What is needed
Verbatim copy without images: repeat the records in full.

Input data
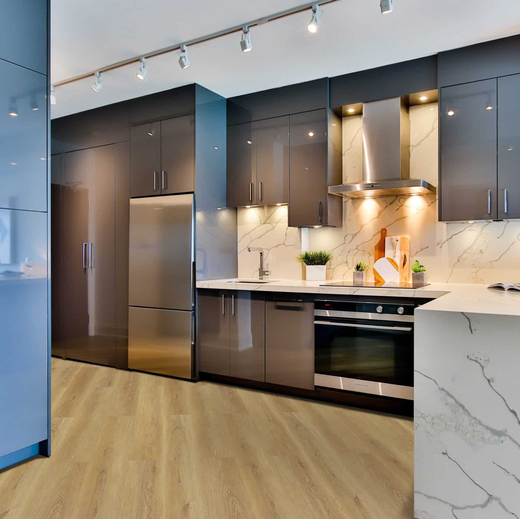 Camel GALAXY LINE Serie Orion Silence Wide – El suelo SPC GALAXY LINE Serie Orion Silence Wide es un compuesto rígido fabricado con polvo mineral, polivinilo y resinas. Su formato de lamas de medidas estándar son 100% resistentes a la humedad, las cuales no sufren alteraciones dimensionales por lo efectos que la humedad pueda producir. Alta estabilidad dimensional que permite su colocación en grandes espacios sin necesidad de poner juntas de dilatación. Es apto para uso residencial y comercial intenso. Incorpora un subsuelo EVA de 1,5mm de alta densidad en cada lama, lo cual evita tener que utilizar ningún otro aislante. Reducción de ruido por impacto 19dB. Apto para calefacción radiante (sistema por agua: máx. 27ºC). Capa de uso 0,55mm. Cada caja contiene 8 lamas .
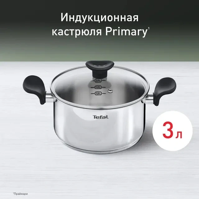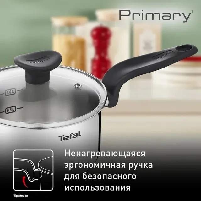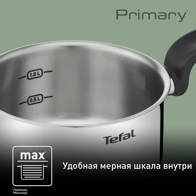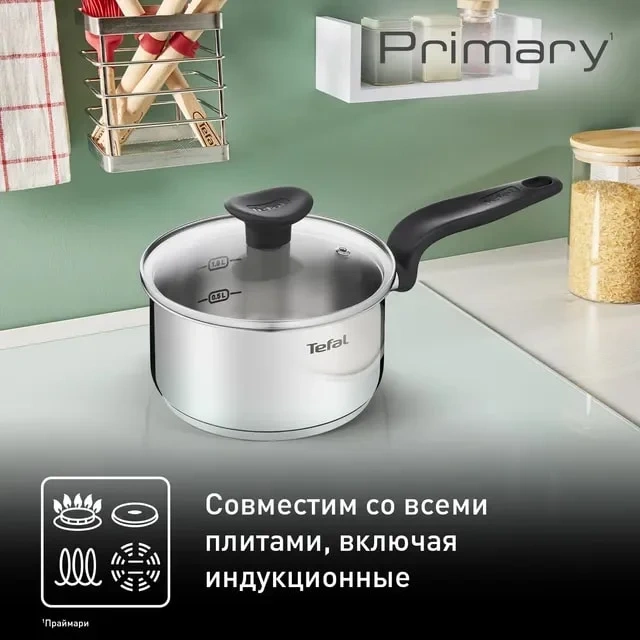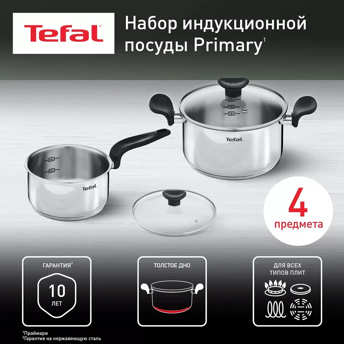 Набор посуды Tefal Primary кастрюля и ковш с крышками нержавеющая сталь индукция, 4 предмета
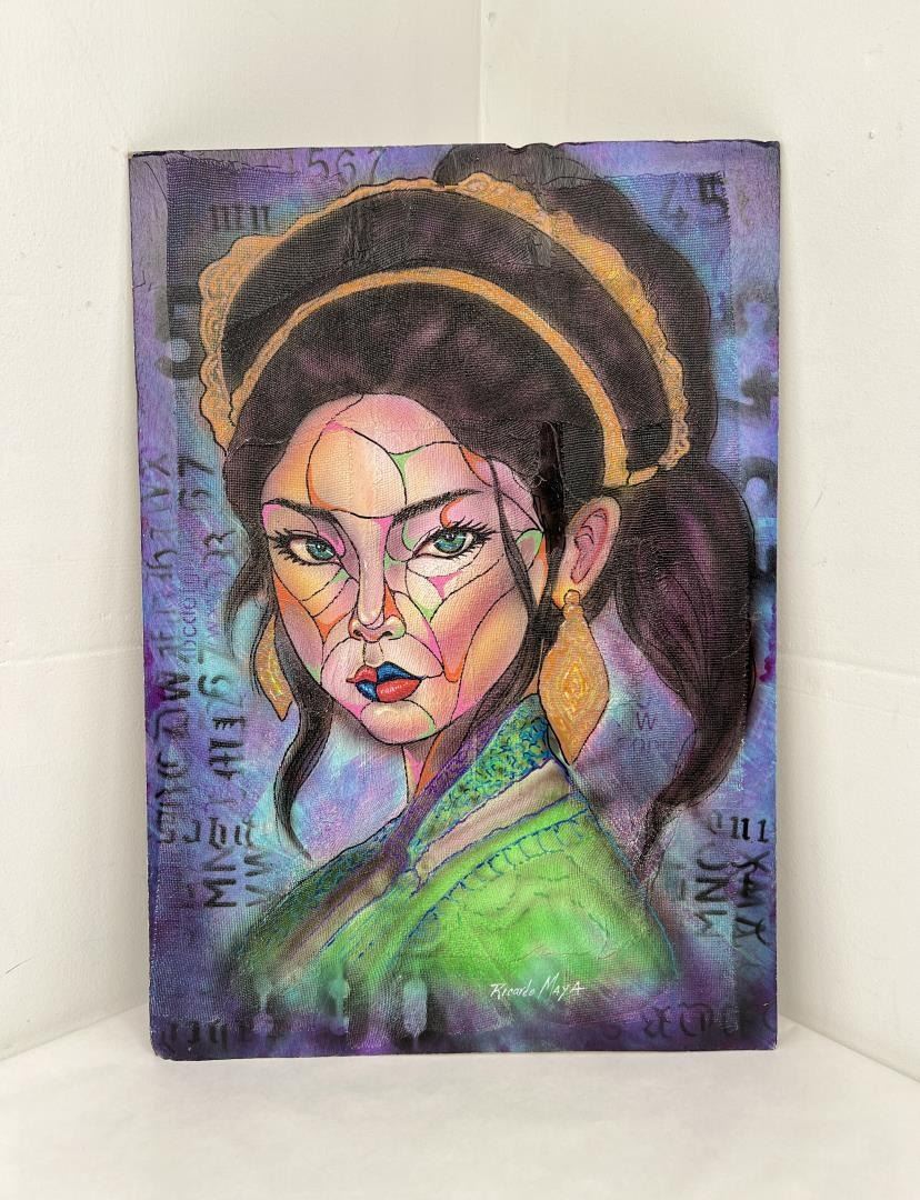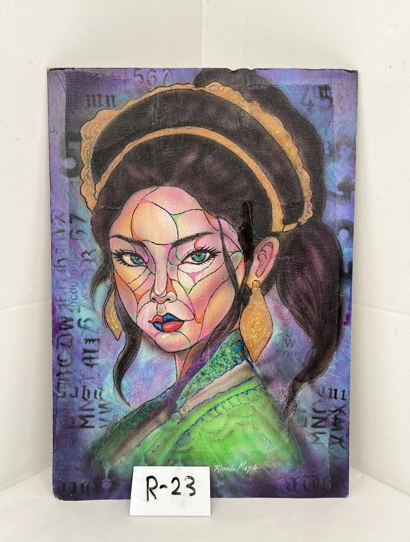 19 3/4" by 13 3/4". Artist is Cuban Born Ricardo Maya. Now living in Nicaragua. Ricardo Maya (Born 1969) is active/lives in Cuba, Nicaragua. Ricardo Maya is known for Abstract, surrealist figure painting, mermaids, nudes.
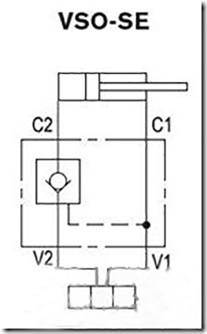 一種可調節閥允許液流單向流動(V2至C2),反向開啟則必須通過一個先導壓力控制實現,閥的開口大小與先導壓力成正比例,閥組包括一個單向閥,允許液流單向流動,溢流閥先導活塞由先導壓力控制,降低溢流閥設定壓力來控制反向液流。
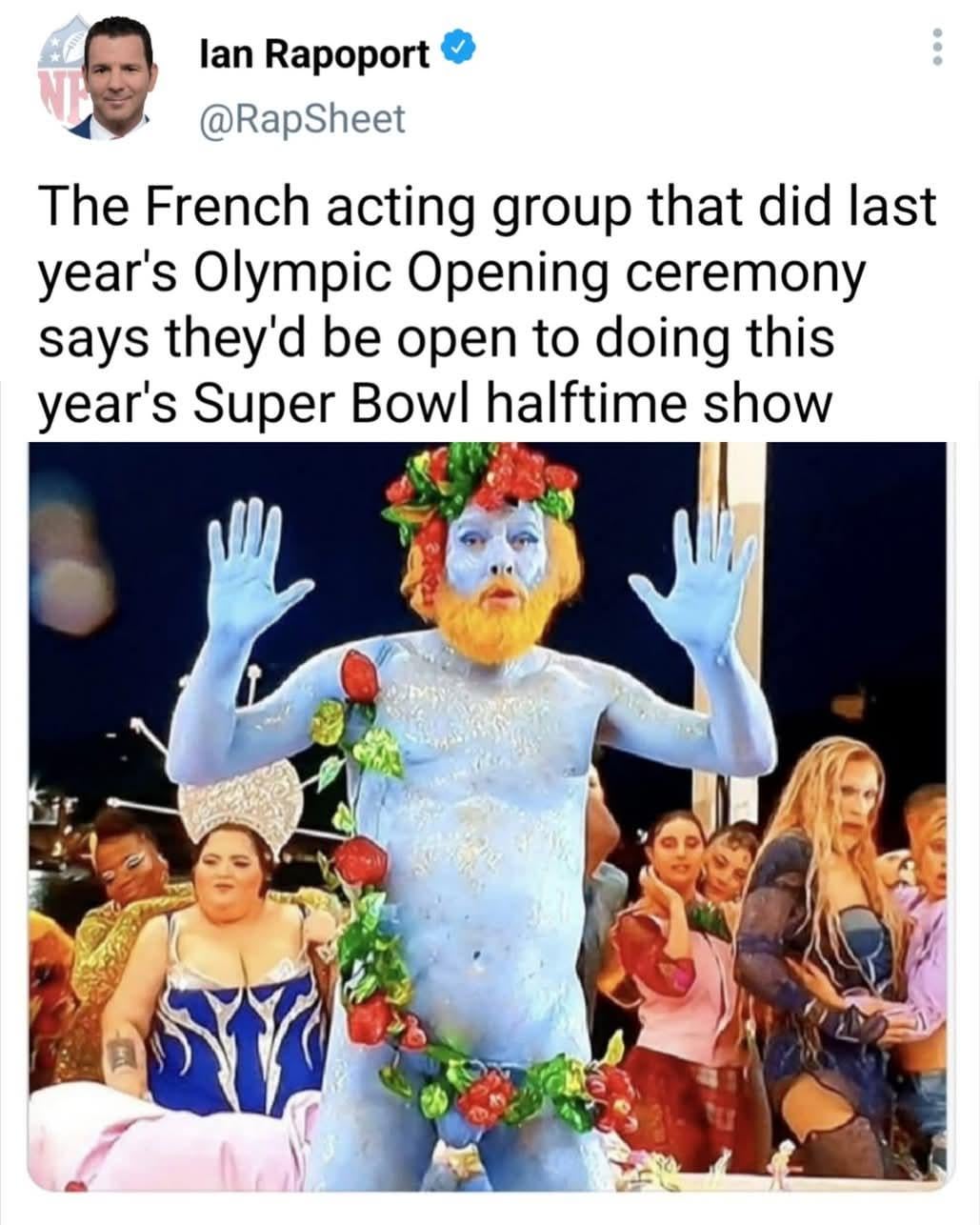 Gonna be lit! 25 comments I’d be for it just to see Republicans lose their minds. Maga meltdown incoming lol   I too am open to doing this year’s Super Bowl halftime show! Hell yeah  is that Gorlock the Destroyer? I AIN’T EVER GONNA STOP being weirded out by him Fuck that. Give me the mascots playing football vs the kid teams. Make them backup dancers for a conservative pandering country star to really make people’s heads explode. How many times has this same rage bait been posted? Just wondering Yo wtf is William Montgomery doing here lmao   Give me a collection of metal gods playing Black Sabbath and Ozzy songs! Most people are open to doing the Super Bowl halftime show These people couldn’t handle that kinda stage doing this shit hahahaha I’m here for it This was a fucking abomination for the love of everything no Romo is gunna bust a freaking nut “I will not be watching the Super Bowl this year.”  This man is Philippe Katerine and he’s a French national treasure. Hey, if they want to do the Gojira part of it thats something I could get behind. Please now, I dont want to have to argue with boomers about what is and isnt Art while watching football.  Leave a ReplyYou must be logged in to post a comment.
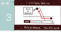 お店までの道案内が 分かりやすい。 入り組んだ場所にあるお店でも、わかりやすい道案内が可能です。 |
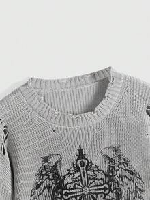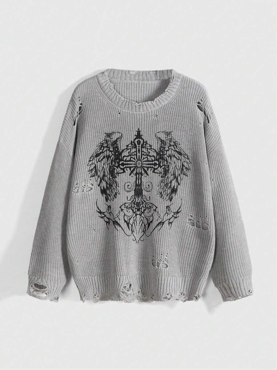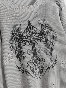 Grunge Punk Femmes Crew Neck Croix et Motif Aile Design Délavé Décontracté Pullover Quotidien, Automne/Hiver
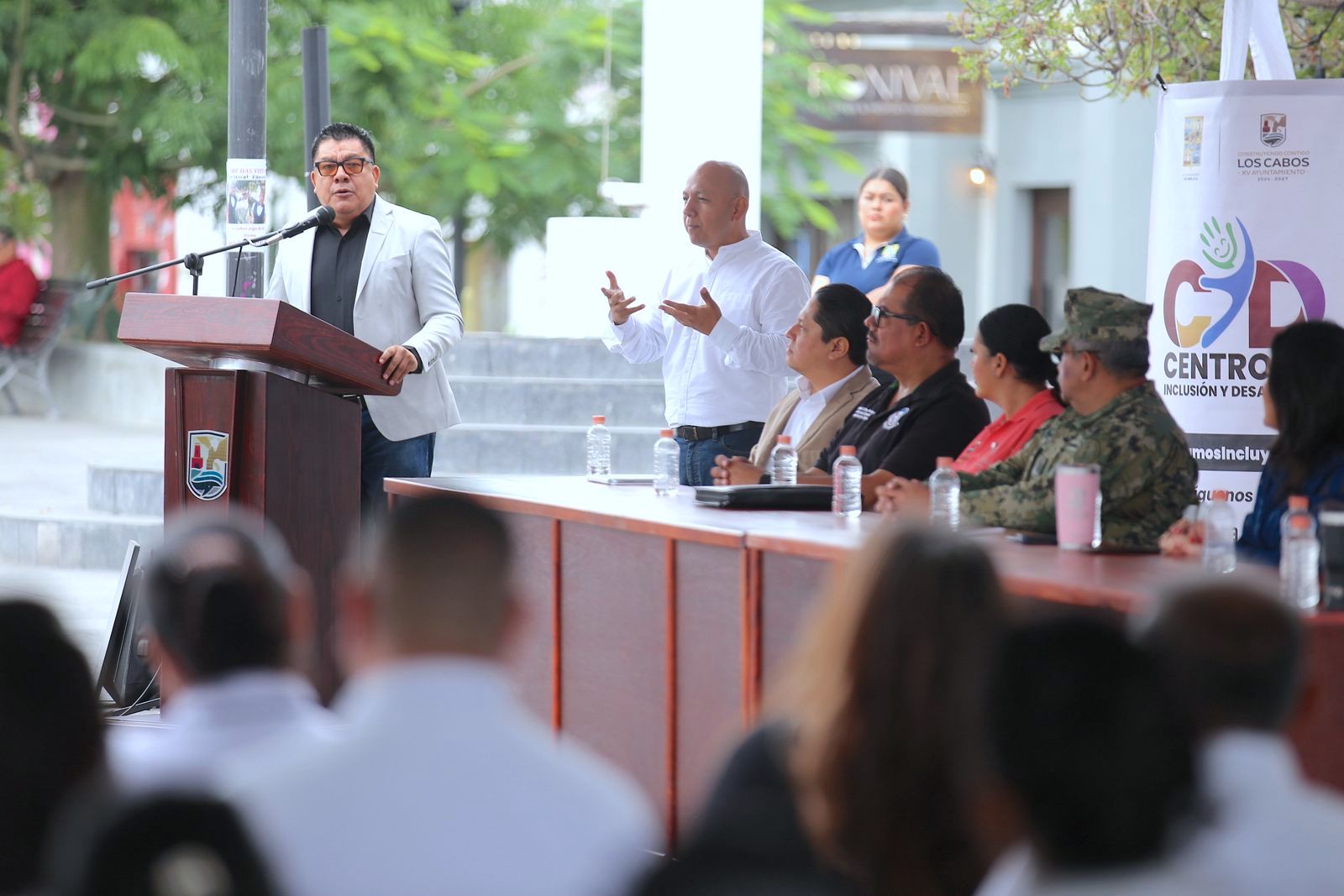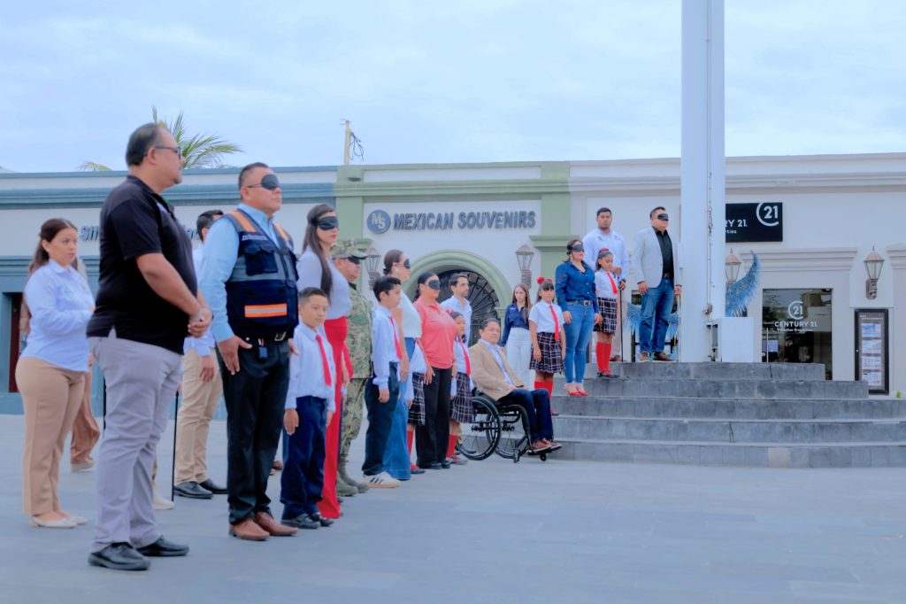 Los Cabos, Baja California Sur.- Durante la ceremonia de honores a la bandera, organizada por el Instituto Municipal para el Desarrollo e Inclusión de Personas con Discapacidad (IMDIS), el secretario general Alberto Rentería Santana encabezó el acto cívico en representación del presidente municipal, Christian Agúndez Gómez. En el evento participaron autoridades del XV Ayuntamiento de Los Cabos, integrantes del Cabildo, así como estudiantes, docentes y personal del servicio público.
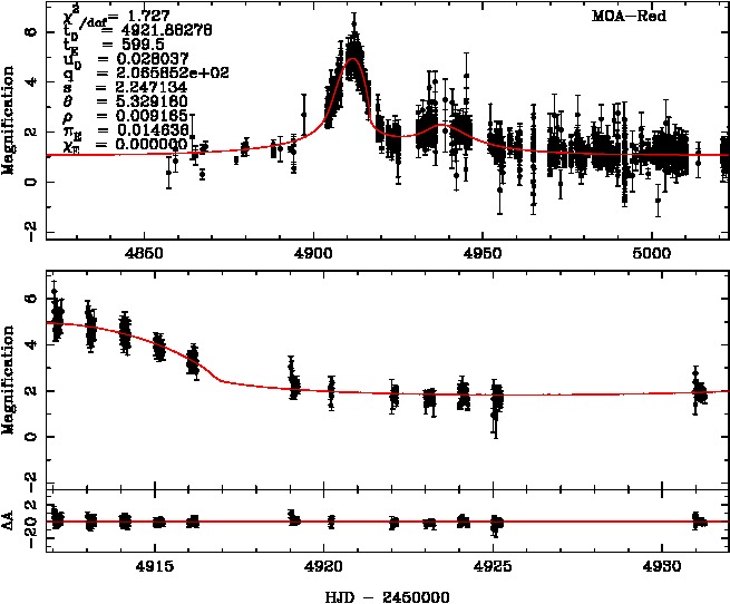 | tE(day) | q | s | α(radian) | ρ | χ² |
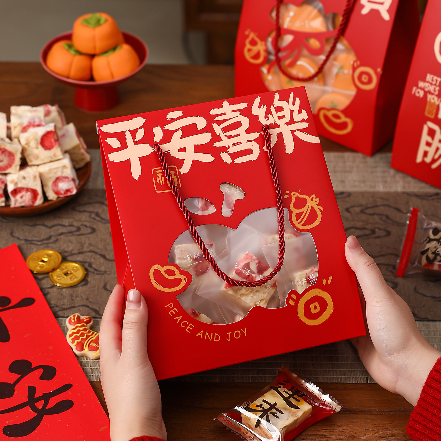 2026马年雪花酥曲奇饼干牛轧糖果打包手提袋子新年款包装空盒礼盒
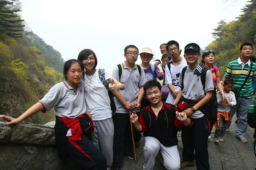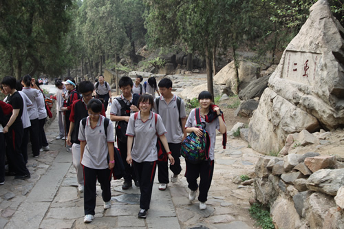 2011年5月4日至7日,我校高一年级全体同学在梁原草副校长和教导处况莉主任的带领下,前往山东省开展了为期三天的泰山-曲阜游学活动。同学们在曲阜参观了孔府、孔庙和孔林,实地考察了我国儒家文化的发源地,更加深刻地了解了孔子在中华文明中重要的文化意义。在第二天的登泰山活动中,同学们征服了陡峭险峻的“十八盘”,成功登顶泰山,尽享“一览众山小”的豪迈情怀。作为帝王封禅圣地的泰山,其深厚的文化底蕴令人震撼,沿途的摩崖石刻不仅让同学们欣赏到了精美的诗文和精湛的书法艺术,思想上更是受到多方面的启迪。登山过程中同学们表现出的顽强毅力和团结互助精神,更让人自豪和感动。在社会实践的整个过程中,同学们谦逊礼貌,爱护环境,行为得体,表现出附中学子良好的文明素养,得到随行导游和当地人的夸赞。此次游学之旅给同学留下了深刻印象,丰富了同学们的阅历,培养了同学们人文情怀。
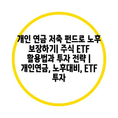 이 글에서는 개인 연금 저축 펀드를 통해 노후를 대비하는 방법과 ETF 투자 전략에 대해 다루어 보겠습니다.
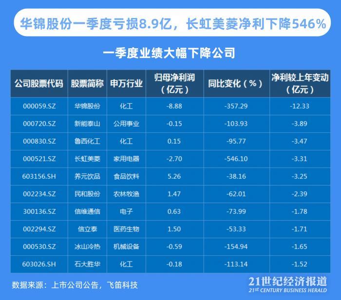 其中,华锦股份2020年一季度实现归母净利润-8.88亿元,较2019年一季度减少12.33亿元,净利润较上年变动额最大;长虹美菱2020年一季度归属母公司净利润同比下降546.10%,归母净利润变动较2019年一季度减少3.89亿元。从所属行业看,一季度业绩大幅下降的公司中,化工、家电、食品饮料等受疫情影响较大的行业均有公司在列。
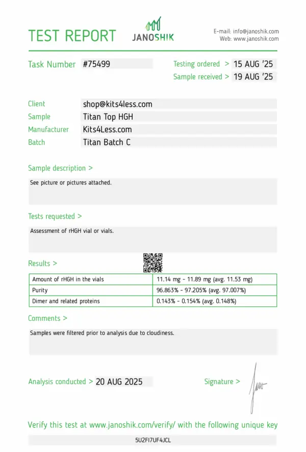 Titan HGH is the crown jewel of our peptide line — a highly anticipated release engineered for maximum purity, potency, and performance. Each kit delivers 10 vials of avg 38.5 IU pharmaceutical-grade recombinant Human Growth Hormone (rHGH), trusted by athletes, bodybuilders, and optimization enthusiasts for its unmatched results in muscle growth, fat loss, recovery, and overall vitality.

Response box
 Camel GALAXY LINE Serie Orion Silence Wide – El suelo SPC GALAXY LINE Serie Orion Silence Wide es un compuesto rígido fabricado con polvo mineral, polivinilo y resinas. Su formato de lamas de medidas estándar son 100% resistentes a la humedad, las cuales no sufren alteraciones dimensionales por lo efectos que la humedad pueda producir. Alta estabilidad dimensional que permite su colocación en grandes espacios sin necesidad de poner juntas de dilatación. Es apto para uso residencial y comercial intenso. Incorpora un subsuelo EVA de 1,5mm de alta densidad en cada lama, lo cual evita tener que utilizar ningún otro aislante. Reducción de ruido por impacto 19dB. Apto para calefacción radiante (sistema por agua: máx. 27ºC). Capa de uso 0,55mm. Cada caja contiene 8 lamas .
 Набор посуды Tefal Primary кастрюля и ковш с крышками нержавеющая сталь индукция, 4 предмета
 19 3/4" by 13 3/4". Artist is Cuban Born Ricardo Maya. Now living in Nicaragua. Ricardo Maya (Born 1969) is active/lives in Cuba, Nicaragua. Ricardo Maya is known for Abstract, surrealist figure painting, mermaids, nudes.
 一種可調節閥允許液流單向流動(V2至C2),反向開啟則必須通過一個先導壓力控制實現,閥的開口大小與先導壓力成正比例,閥組包括一個單向閥,允許液流單向流動,溢流閥先導活塞由先導壓力控制,降低溢流閥設定壓力來控制反向液流。
 Gonna be lit! 25 comments I’d be for it just to see Republicans lose their minds. Maga meltdown incoming lol   I too am open to doing this year’s Super Bowl halftime show! Hell yeah  is that Gorlock the Destroyer? I AIN’T EVER GONNA STOP being weirded out by him Fuck that. Give me the mascots playing football vs the kid teams. Make them backup dancers for a conservative pandering country star to really make people’s heads explode. How many times has this same rage bait been posted? Just wondering Yo wtf is William Montgomery doing here lmao   Give me a collection of metal gods playing Black Sabbath and Ozzy songs! Most people are open to doing the Super Bowl halftime show These people couldn’t handle that kinda stage doing this shit hahahaha I’m here for it This was a fucking abomination for the love of everything no Romo is gunna bust a freaking nut “I will not be watching the Super Bowl this year.”  This man is Philippe Katerine and he’s a French national treasure. Hey, if they want to do the Gojira part of it thats something I could get behind. Please now, I dont want to have to argue with boomers about what is and isnt Art while watching football.  Leave a ReplyYou must be logged in to post a comment.
 お店までの道案内が 分かりやすい。 入り組んだ場所にあるお店でも、わかりやすい道案内が可能です。 |
 Grunge Punk Femmes Crew Neck Croix et Motif Aile Design Délavé Décontracté Pullover Quotidien, Automne/Hiver
 Los Cabos, Baja California Sur.- Durante la ceremonia de honores a la bandera, organizada por el Instituto Municipal para el Desarrollo e Inclusión de Personas con Discapacidad (IMDIS), el secretario general Alberto Rentería Santana encabezó el acto cívico en representación del presidente municipal, Christian Agúndez Gómez. En el evento participaron autoridades del XV Ayuntamiento de Los Cabos, integrantes del Cabildo, así como estudiantes, docentes y personal del servicio público.
 | tE(day) | q | s | α(radian) | ρ | χ² |
 2026马年雪花酥曲奇饼干牛轧糖果打包手提袋子新年款包装空盒礼盒
 2011年5月4日至7日,我校高一年级全体同学在梁原草副校长和教导处况莉主任的带领下,前往山东省开展了为期三天的泰山-曲阜游学活动。同学们在曲阜参观了孔府、孔庙和孔林,实地考察了我国儒家文化的发源地,更加深刻地了解了孔子在中华文明中重要的文化意义。在第二天的登泰山活动中,同学们征服了陡峭险峻的“十八盘”,成功登顶泰山,尽享“一览众山小”的豪迈情怀。作为帝王封禅圣地的泰山,其深厚的文化底蕴令人震撼,沿途的摩崖石刻不仅让同学们欣赏到了精美的诗文和精湛的书法艺术,思想上更是受到多方面的启迪。登山过程中同学们表现出的顽强毅力和团结互助精神,更让人自豪和感动。在社会实践的整个过程中,同学们谦逊礼貌,爱护环境,行为得体,表现出附中学子良好的文明素养,得到随行导游和当地人的夸赞。此次游学之旅给同学留下了深刻印象,丰富了同学们的阅历,培养了同学们人文情怀。
 이 글에서는 개인 연금 저축 펀드를 통해 노후를 대비하는 방법과 ETF 투자 전략에 대해 다루어 보겠습니다.
 其中,华锦股份2020年一季度实现归母净利润-8.88亿元,较2019年一季度减少12.33亿元,净利润较上年变动额最大;长虹美菱2020年一季度归属母公司净利润同比下降546.10%,归母净利润变动较2019年一季度减少3.89亿元。从所属行业看,一季度业绩大幅下降的公司中,化工、家电、食品饮料等受疫情影响较大的行业均有公司在列。
 Titan HGH is the crown jewel of our peptide line — a highly anticipated release engineered for maximum purity, potency, and performance. Each kit delivers 10 vials of avg 38.5 IU pharmaceutical-grade recombinant Human Growth Hormone (rHGH), trusted by athletes, bodybuilders, and optimization enthusiasts for its unmatched results in muscle growth, fat loss, recovery, and overall vitality.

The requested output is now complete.